Long story short–Bill was successful in the casinos. I mean, he really, really was! He’s not a gambler, but, since he was in Vegas, he’d set aside a certain amount for fun, and, putting it mildly, he won!
Upon returning home, he announced that I could go on this mission trip to Israel after all. And though I felt a little bad about traveling with this charismatic, Jesus-loving group to pray for God’s shalom at all four of the Holy Land’s borders on (ahem!) gambling money, I got over it. (Again, I just chose to not talk about it for a long, long time!)
I embarked on my journey in early June–first driving to Ohio to drop off our two young sons at my parents’. I flew out of Dayton International, then to JFK International. There I finally met up with dozens of other women who were on this mission, and we departed for Tel Aviv, everyone looking forward to the week and a half ahead–primarily that we were to celebrate the Feast of Pentecost in the city spoken of in Acts 2.
I was excited, despite the reality that war had recently broken out, and Americans were highly warned not to visit Israel. After much prayer, I experienced the peace that passes understanding, as Phil. 4:7 speaks of. Although I was not an actual card-carrying member of Aglow International, was, in fact, much younger than most of the women going, I’d grown up attending meetings with my mom who’d been a member, and I knew I’d meet some amazing people. I wrote in my journal–
“Just as Jesus was thirty-three at the time He fulfilled His Father’s plan, I, too, am thirty-three, and I do not feel this is merely a coincidence… I can’t wait to see how the Lord manifests Himself to us while we’re [in Israel]. Again, I wait with expectation!”
The 10-day prayer walk started in the north, specifically near the Sea of Galilee where we stayed in what had originally been a kibbutz–an Israeli commune. The only problem I encountered here, something I quickly laid to rest, was discovering that the supposed adaptors for my blow dryer and curling iron did not indeed adapt. From that day on, I went au naturale with regard to my hair and have been doing so ever since. (Another good, though much less important, lesson learned!)
Our mission took us to the eastern and western borders also, and we finally traveled south. There are so many memories I’d love to share, so many confirmations of God’s presence, peace, and love, but that’s saved for another time.
One thing’s for certain–I loved the Israeli people. Everyone was so kind, so thankful for the tourism. Our accommodations were wonderful, and the food… Wow! (Who knew that hummus could be eaten for breakfast?)
There were, however, several spiritual battles I fought, even prior to the aforementioned one–you know, that little thing about being detained at the airport.

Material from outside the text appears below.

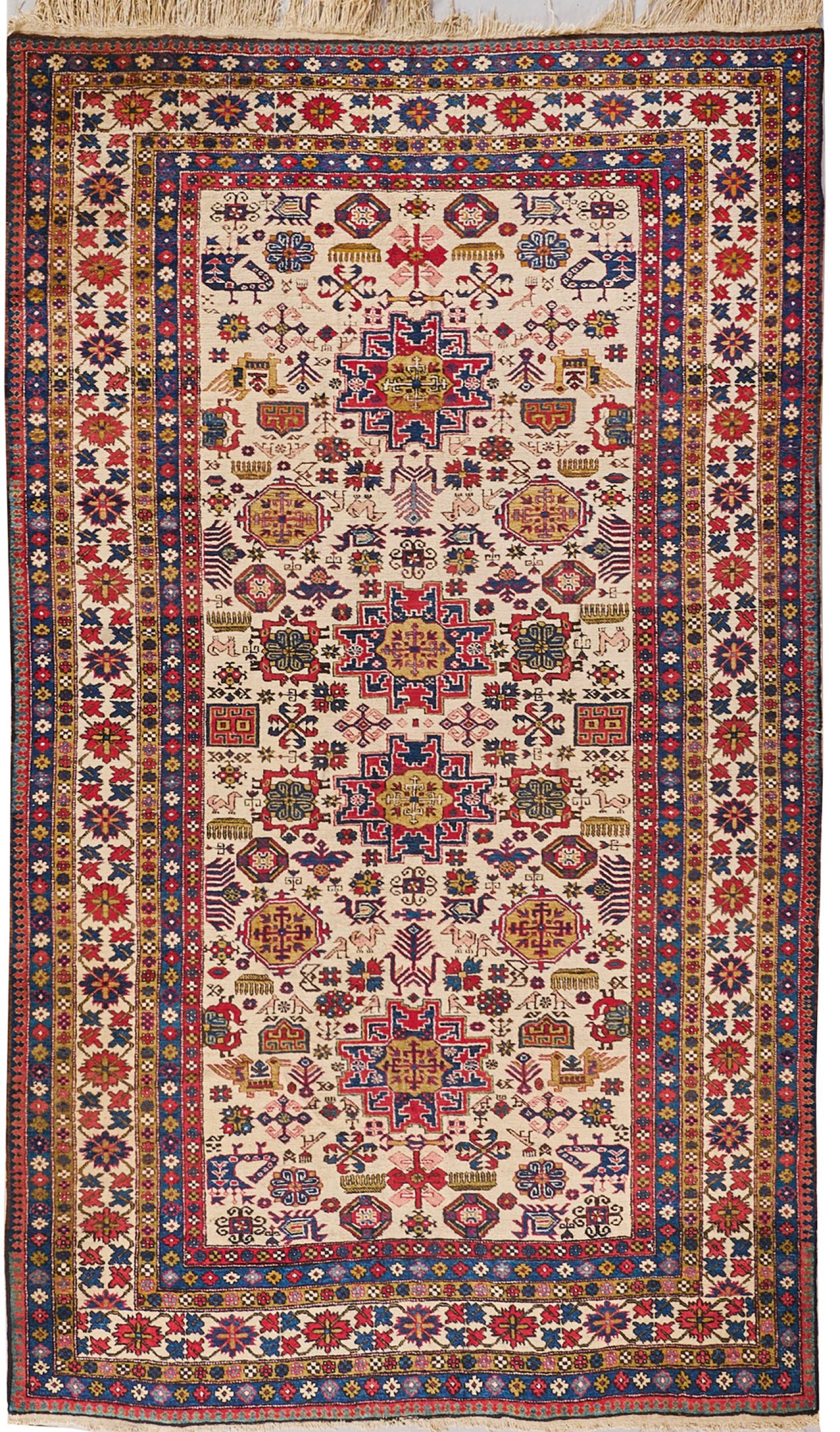 Wolle auf Baumwolle. Im elfenbeinfarbenen Innenfeld vier gereihte Medaillons sowie flächendeckende Musterung aus gestreuten Blütenmotiven. Umlaufend breite, vielteilige Bordüre aus unterschiedlichen Bändern. 160 cm x 273 cm.
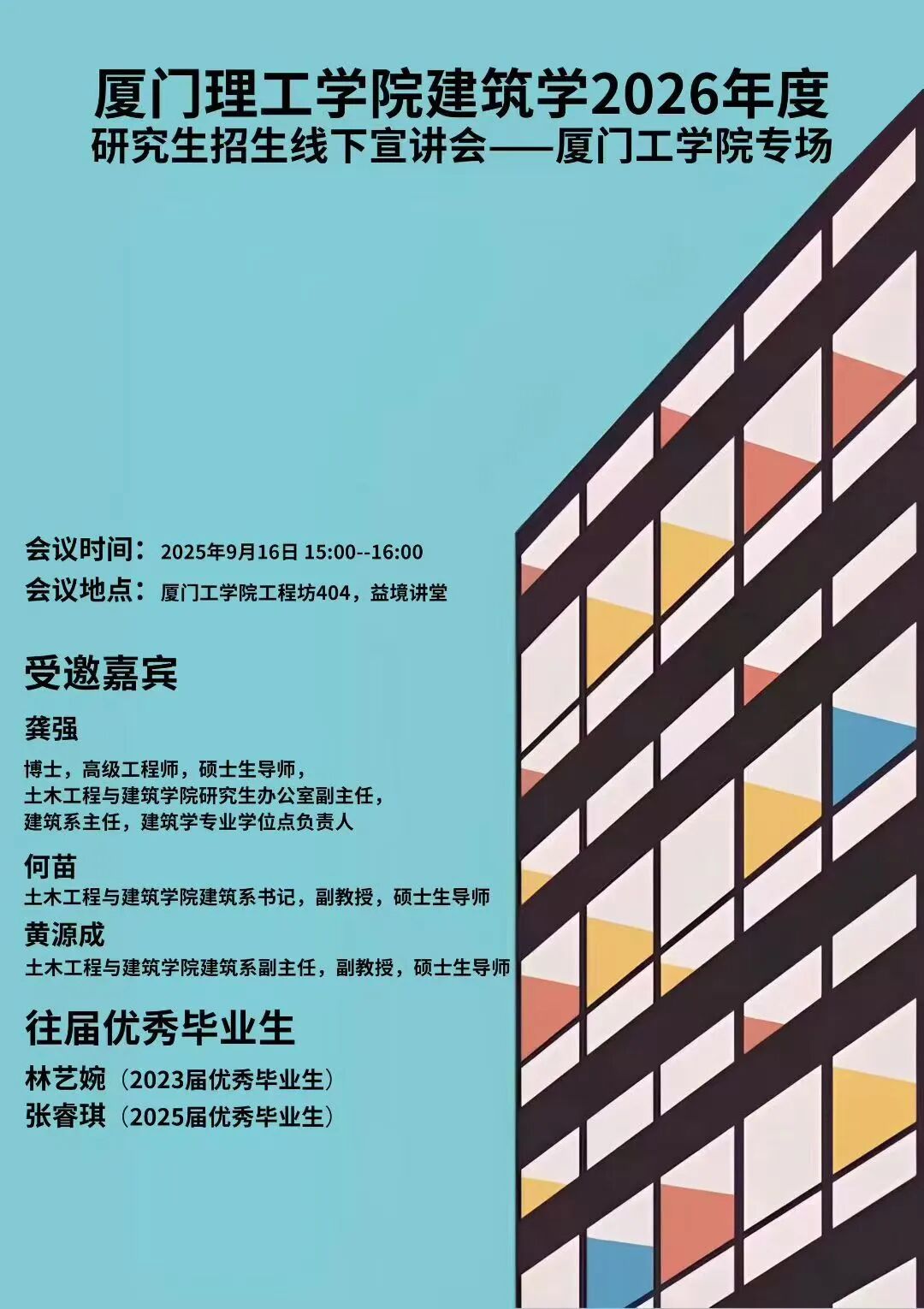2025年9月16日下午,由建筑科学与土木工程学院主办的厦门理工学院建筑学2026年研究生招生宣讲会在工程坊404益境讲堂成功举办。

So many of the women I was with were very zealous and outspoken in their faith. The enemy tried to guilt me, make me feel that something wasn’t right with my relationship with God because I didn’t “feel” this way or that way.
For example, I’ll never forget our visit to the Upper Room in Jerusalem–where the disciples gathered to pray during the Feast of Pentecost, where the Holy Spirit came upon them like tongues of flame. Many of the ladies were very demonstrative in their prayers–some even speaking in foreign tongues. I sat quietly, observing. My prayers, earnest though they were, came more in quiet whispers. I loved Jesus, and I was so thankful to be in the city where He’d died for my sins, where He rose again. I just kept telling Him over and over, “Thank you for allowing me to be here, even if it is on gambling money.”
(I think we make God smile more times than we realize!)
Later that day, alone in my hotel room, I wrestled with the enemy who tried to steal my joy. As I journaled–
“The Upper Room was, for me, a disappointment and [brought] some confusion… But what the Lord is graciously reminding me is this–I’m not in Israel because of Aglow but, rather, Aglow is merely the ‘vessel’ by which I’ve traveled to Israel.”
In other words, as I went on to write, I didn’t have to be like the other women. In fact, I shouldn’t be like the others. The expression of my faith, which was genuine and true, was what pleased the Lord most. My prayers and praises were a sweet fragrance to Him.
After I worked through this, the enemy was silenced regarding this matter. Still, he desired to thwart my peace and joy. Hence, the ensuing airport incident–where I experienced firsthand that the Lord truly is my shepherd!
**(Stay tuned–Part 2 next week!)**
Read Acts 2. (You can click on the highlighted reference above!)
Imagine being in the Upper Room. What do you think it was like, to feel that rush of wind and suddenly hear yourself and others speaking in foreign languages?
What was the Holy Spirit’s purpose in doing this, and what was the result?
Lord, thank you for allowing us to experience you–whether at home, out in our communities, or in far-off lands. May You be glorified! Amen.